■ **Data records**
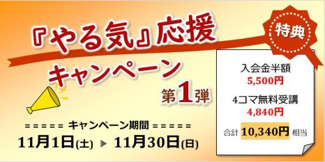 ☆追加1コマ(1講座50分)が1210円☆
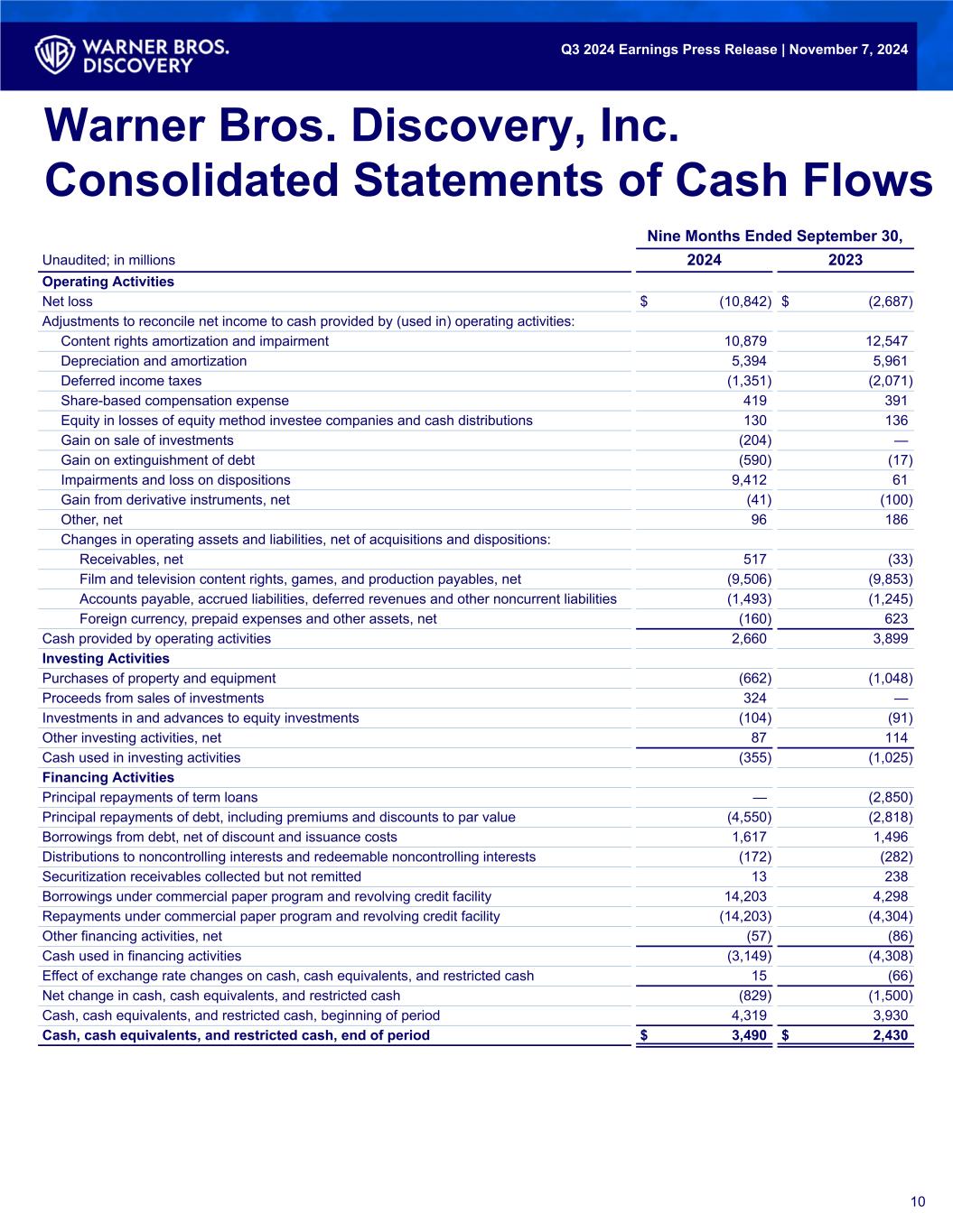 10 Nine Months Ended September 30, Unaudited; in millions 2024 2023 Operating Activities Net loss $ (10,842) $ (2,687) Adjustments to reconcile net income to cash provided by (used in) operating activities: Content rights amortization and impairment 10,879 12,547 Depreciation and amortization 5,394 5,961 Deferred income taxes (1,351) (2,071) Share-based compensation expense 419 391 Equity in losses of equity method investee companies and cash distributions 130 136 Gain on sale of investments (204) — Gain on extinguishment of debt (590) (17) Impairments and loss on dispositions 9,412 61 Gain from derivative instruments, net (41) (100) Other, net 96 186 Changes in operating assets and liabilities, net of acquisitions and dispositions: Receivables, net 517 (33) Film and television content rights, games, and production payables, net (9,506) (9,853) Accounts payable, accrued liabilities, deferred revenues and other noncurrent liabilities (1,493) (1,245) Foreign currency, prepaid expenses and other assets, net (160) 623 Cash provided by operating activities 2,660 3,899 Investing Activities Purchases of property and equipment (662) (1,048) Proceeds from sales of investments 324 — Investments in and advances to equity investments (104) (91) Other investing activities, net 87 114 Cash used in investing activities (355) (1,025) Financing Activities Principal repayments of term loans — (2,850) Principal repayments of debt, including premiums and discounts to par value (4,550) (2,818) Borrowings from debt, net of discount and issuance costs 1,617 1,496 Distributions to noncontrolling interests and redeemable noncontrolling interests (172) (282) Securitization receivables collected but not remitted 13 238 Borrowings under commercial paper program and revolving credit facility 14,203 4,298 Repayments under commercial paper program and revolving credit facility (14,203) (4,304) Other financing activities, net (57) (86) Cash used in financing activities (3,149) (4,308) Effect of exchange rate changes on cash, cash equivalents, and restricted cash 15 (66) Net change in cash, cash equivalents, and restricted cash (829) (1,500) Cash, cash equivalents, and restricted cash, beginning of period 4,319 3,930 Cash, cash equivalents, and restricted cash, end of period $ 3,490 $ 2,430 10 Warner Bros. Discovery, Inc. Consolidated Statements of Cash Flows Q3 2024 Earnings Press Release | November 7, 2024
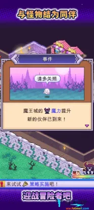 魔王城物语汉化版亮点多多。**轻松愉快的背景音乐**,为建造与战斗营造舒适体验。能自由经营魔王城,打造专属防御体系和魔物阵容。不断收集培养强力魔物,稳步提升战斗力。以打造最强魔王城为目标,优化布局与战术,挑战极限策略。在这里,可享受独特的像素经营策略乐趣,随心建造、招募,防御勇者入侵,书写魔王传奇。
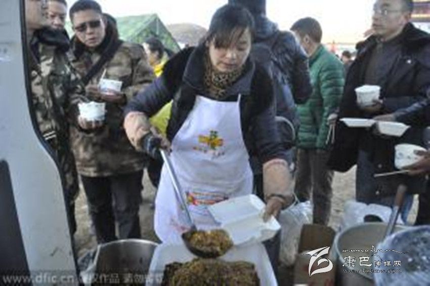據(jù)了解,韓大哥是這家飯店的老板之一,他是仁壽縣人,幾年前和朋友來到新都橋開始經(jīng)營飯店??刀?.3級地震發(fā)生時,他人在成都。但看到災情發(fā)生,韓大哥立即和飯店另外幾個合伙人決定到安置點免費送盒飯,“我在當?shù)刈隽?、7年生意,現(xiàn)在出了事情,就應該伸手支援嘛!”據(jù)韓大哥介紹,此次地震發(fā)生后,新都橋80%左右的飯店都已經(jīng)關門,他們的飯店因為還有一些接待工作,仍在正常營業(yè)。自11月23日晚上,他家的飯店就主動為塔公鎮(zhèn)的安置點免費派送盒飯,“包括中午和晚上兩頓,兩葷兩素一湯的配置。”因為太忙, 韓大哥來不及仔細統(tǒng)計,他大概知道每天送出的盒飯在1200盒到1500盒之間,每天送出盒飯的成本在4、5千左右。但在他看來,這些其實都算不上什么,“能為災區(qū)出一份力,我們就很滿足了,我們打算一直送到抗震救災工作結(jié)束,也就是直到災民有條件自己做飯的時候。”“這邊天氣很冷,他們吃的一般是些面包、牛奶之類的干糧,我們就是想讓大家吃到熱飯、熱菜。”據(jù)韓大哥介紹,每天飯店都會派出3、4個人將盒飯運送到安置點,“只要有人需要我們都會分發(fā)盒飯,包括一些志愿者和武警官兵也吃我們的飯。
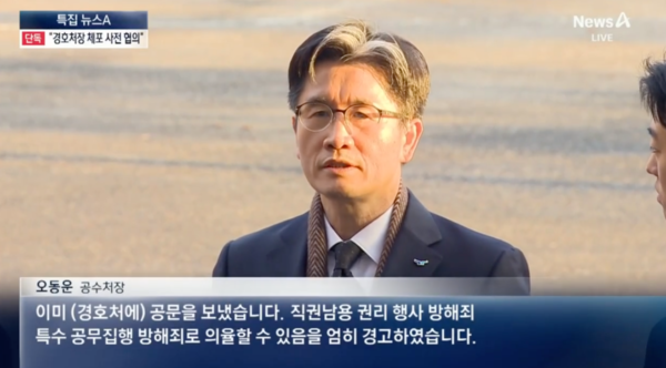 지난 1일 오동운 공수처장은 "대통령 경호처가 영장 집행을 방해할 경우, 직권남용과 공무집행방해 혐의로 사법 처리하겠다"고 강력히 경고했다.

■ **What you will do**
Whenever a picture appears in the listing, leave it out; copy everything else exactly.

■ **Response area**
 ☆追加1コマ(1講座50分)が1210円☆
 10 Nine Months Ended September 30, Unaudited; in millions 2024 2023 Operating Activities Net loss $ (10,842) $ (2,687) Adjustments to reconcile net income to cash provided by (used in) operating activities: Content rights amortization and impairment 10,879 12,547 Depreciation and amortization 5,394 5,961 Deferred income taxes (1,351) (2,071) Share-based compensation expense 419 391 Equity in losses of equity method investee companies and cash distributions 130 136 Gain on sale of investments (204) — Gain on extinguishment of debt (590) (17) Impairments and loss on dispositions 9,412 61 Gain from derivative instruments, net (41) (100) Other, net 96 186 Changes in operating assets and liabilities, net of acquisitions and dispositions: Receivables, net 517 (33) Film and television content rights, games, and production payables, net (9,506) (9,853) Accounts payable, accrued liabilities, deferred revenues and other noncurrent liabilities (1,493) (1,245) Foreign currency, prepaid expenses and other assets, net (160) 623 Cash provided by operating activities 2,660 3,899 Investing Activities Purchases of property and equipment (662) (1,048) Proceeds from sales of investments 324 — Investments in and advances to equity investments (104) (91) Other investing activities, net 87 114 Cash used in investing activities (355) (1,025) Financing Activities Principal repayments of term loans — (2,850) Principal repayments of debt, including premiums and discounts to par value (4,550) (2,818) Borrowings from debt, net of discount and issuance costs 1,617 1,496 Distributions to noncontrolling interests and redeemable noncontrolling interests (172) (282) Securitization receivables collected but not remitted 13 238 Borrowings under commercial paper program and revolving credit facility 14,203 4,298 Repayments under commercial paper program and revolving credit facility (14,203) (4,304) Other financing activities, net (57) (86) Cash used in financing activities (3,149) (4,308) Effect of exchange rate changes on cash, cash equivalents, and restricted cash 15 (66) Net change in cash, cash equivalents, and restricted cash (829) (1,500) Cash, cash equivalents, and restricted cash, beginning of period 4,319 3,930 Cash, cash equivalents, and restricted cash, end of period $ 3,490 $ 2,430 10 Warner Bros. Discovery, Inc. Consolidated Statements of Cash Flows Q3 2024 Earnings Press Release | November 7, 2024
 魔王城物语汉化版亮点多多。**轻松愉快的背景音乐**,为建造与战斗营造舒适体验。能自由经营魔王城,打造专属防御体系和魔物阵容。不断收集培养强力魔物,稳步提升战斗力。以打造最强魔王城为目标,优化布局与战术,挑战极限策略。在这里,可享受独特的像素经营策略乐趣,随心建造、招募,防御勇者入侵,书写魔王传奇。
據(jù)了解,韓大哥是這家飯店的老板之一,他是仁壽縣人,幾年前和朋友來到新都橋開始經(jīng)營飯店??刀?.3級地震發(fā)生時,他人在成都。但看到災情發(fā)生,韓大哥立即和飯店另外幾個合伙人決定到安置點免費送盒飯,“我在當?shù)刈隽?、7年生意,現(xiàn)在出了事情,就應該伸手支援嘛!”據(jù)韓大哥介紹,此次地震發(fā)生后,新都橋80%左右的飯店都已經(jīng)關門,他們的飯店因為還有一些接待工作,仍在正常營業(yè)。自11月23日晚上,他家的飯店就主動為塔公鎮(zhèn)的安置點免費派送盒飯,“包括中午和晚上兩頓,兩葷兩素一湯的配置。”因為太忙, 韓大哥來不及仔細統(tǒng)計,他大概知道每天送出的盒飯在1200盒到1500盒之間,每天送出盒飯的成本在4、5千左右。但在他看來,這些其實都算不上什么,“能為災區(qū)出一份力,我們就很滿足了,我們打算一直送到抗震救災工作結(jié)束,也就是直到災民有條件自己做飯的時候。”“這邊天氣很冷,他們吃的一般是些面包、牛奶之類的干糧,我們就是想讓大家吃到熱飯、熱菜。”據(jù)韓大哥介紹,每天飯店都會派出3、4個人將盒飯運送到安置點,“只要有人需要我們都會分發(fā)盒飯,包括一些志愿者和武警官兵也吃我們的飯。
 지난 1일 오동운 공수처장은 "대통령 경호처가 영장 집행을 방해할 경우, 직권남용과 공무집행방해 혐의로 사법 처리하겠다"고 강력히 경고했다.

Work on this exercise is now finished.